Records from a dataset
● ● ● ● ● ● ●

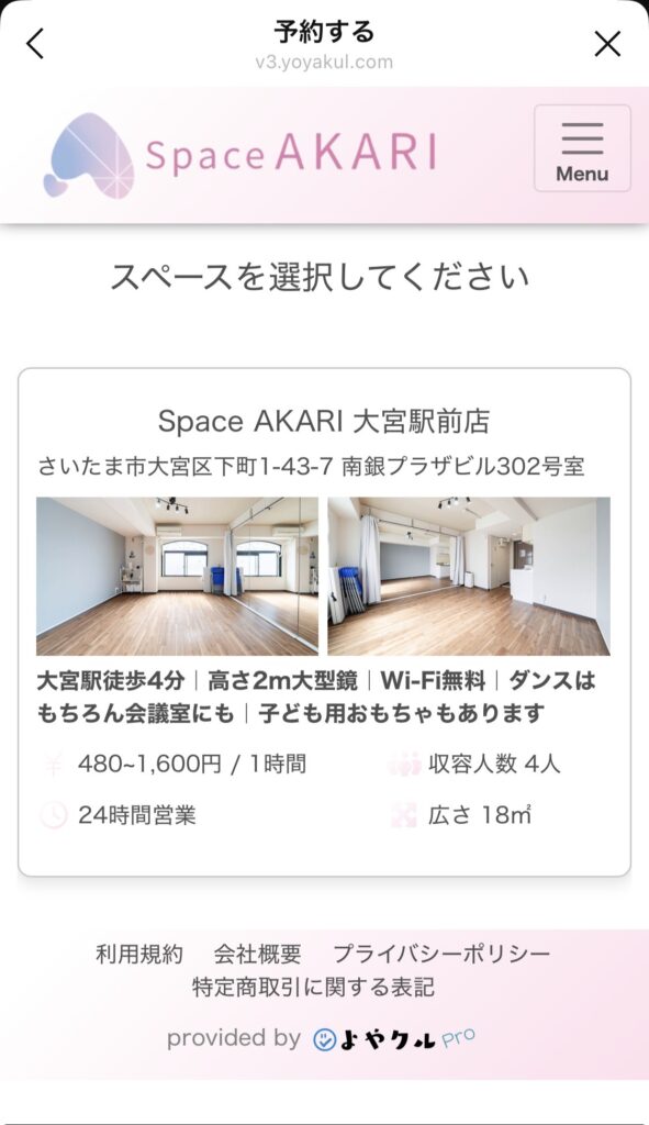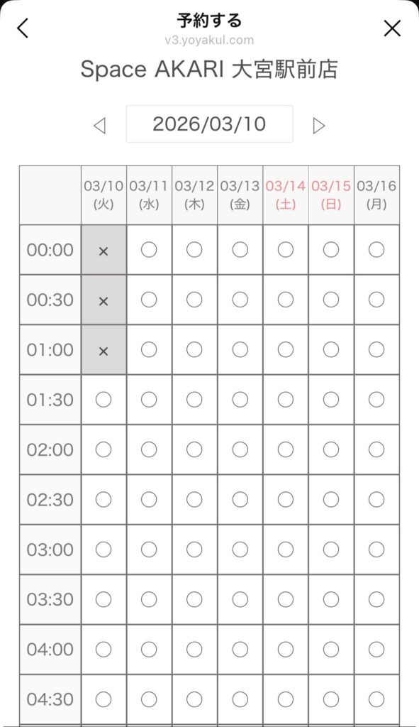 ②予約するスタジオを選び、希望日時に空きがあればその日時を選びます。
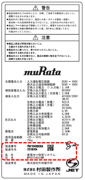 その後の調査の結果、一部の製造ロットにおいて、システム内のパワーコンディショナ部の部品で不具合が発生する可能性があることが判明しました。
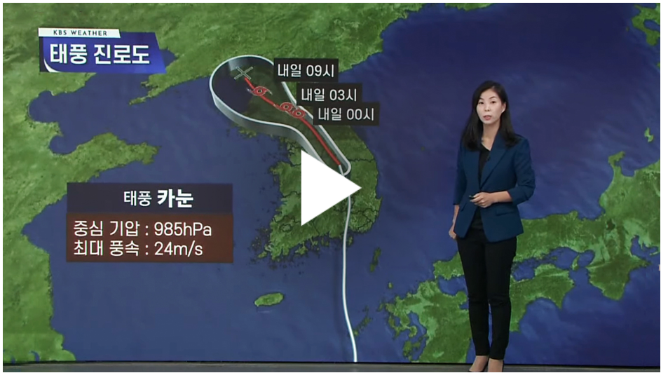 태풍 '카눈'은 현재 중심기압이 985헥토파스칼, 중심부근에서
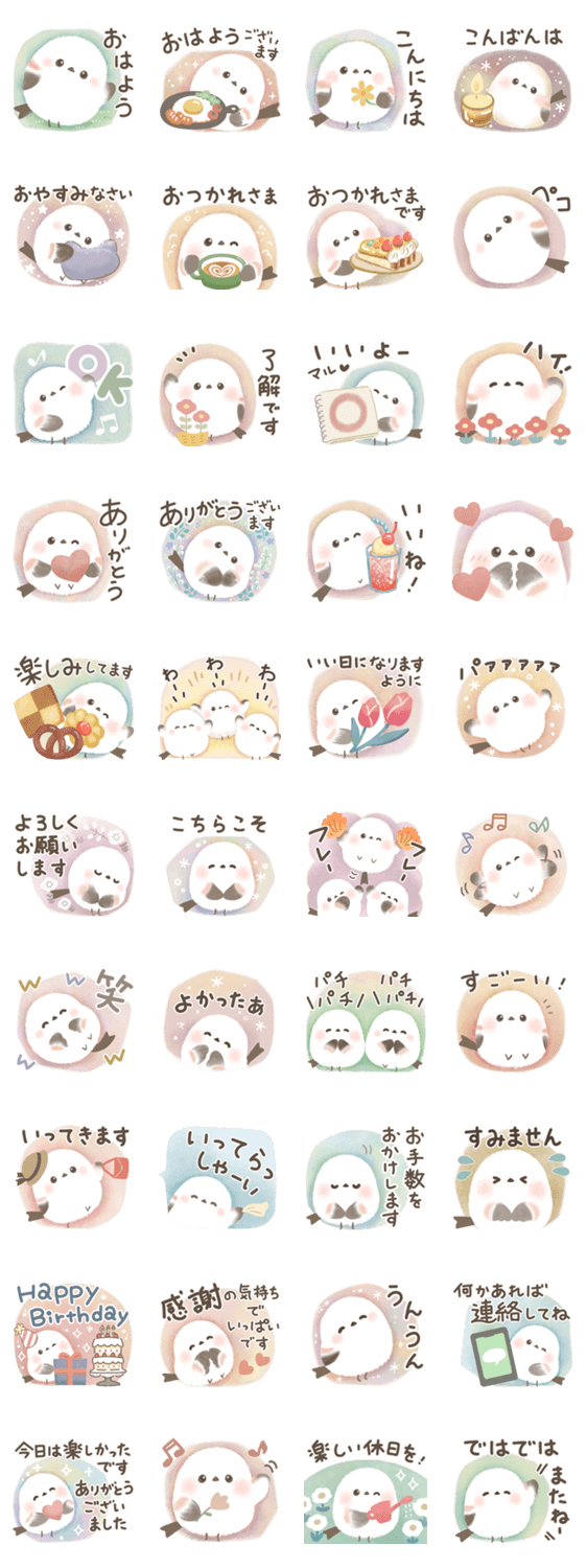 主線なしのほんわりやさしいトーンのシマエナガさん。ずっと使える言葉を選びました。敬語あり。
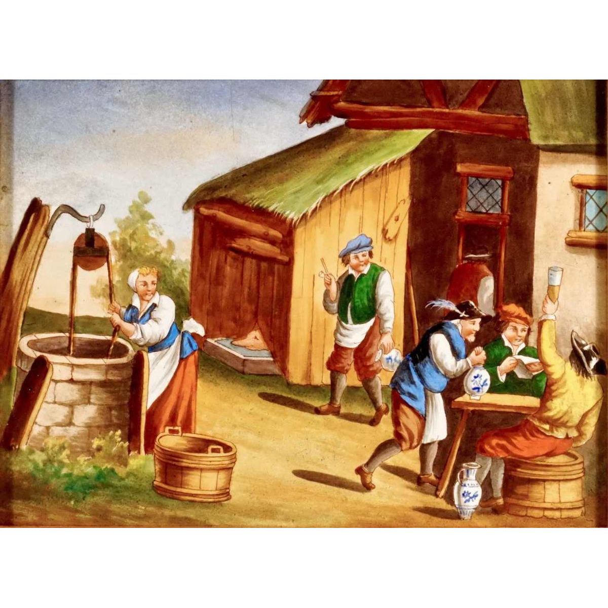 Plaque en porcelaine à décor peint d'après Teniers, XIXe s
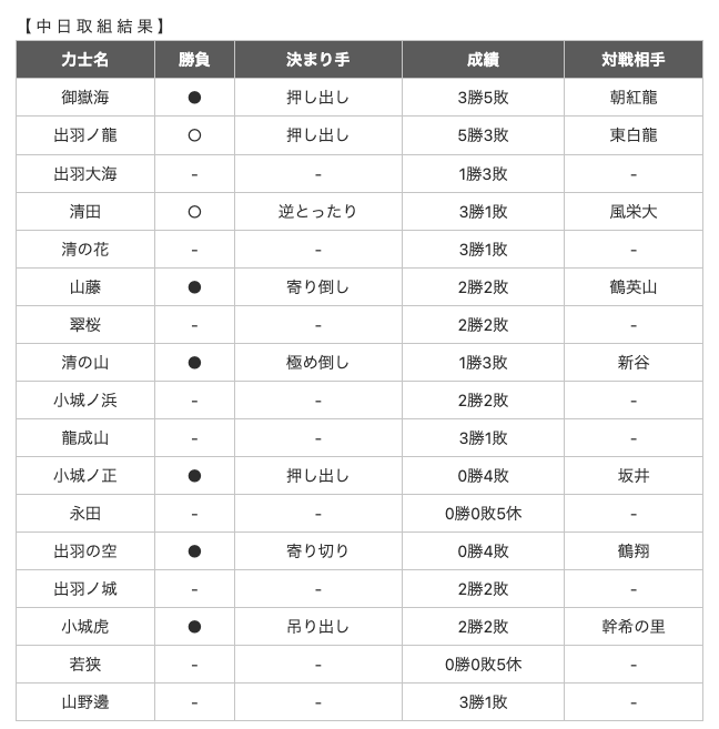 大相撲一月場所取り組み結果 六日目
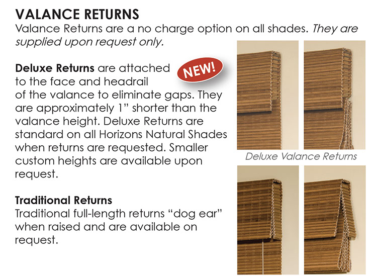 Technical specification for NATURAL SHADE VALANCE RETURNS from the Horizons Product Guide

● ● ● ● ● ● ●

The expected output is the exact run of lines from the one containing "その後の調査の結果、一部の製" through the final line of the data above, both ends included, with no pictures.

 その後の調査の結果、一部の製造ロットにおいて、システム内のパワーコンディショナ部の部品で不具合が発生する可能性があることが判明しました。
 태풍 '카눈'은 현재 중심기압이 985헥토파스칼, 중심부근에서
 主線なしのほんわりやさしいトーンのシマエナガさん。ずっと使える言葉を選びました。敬語あり。
 Plaque en porcelaine à décor peint d'après Teniers, XIXe s
 大相撲一月場所取り組み結果 六日目
 Technical specification for NATURAL SHADE VALANCE RETURNS from the Horizons Product Guide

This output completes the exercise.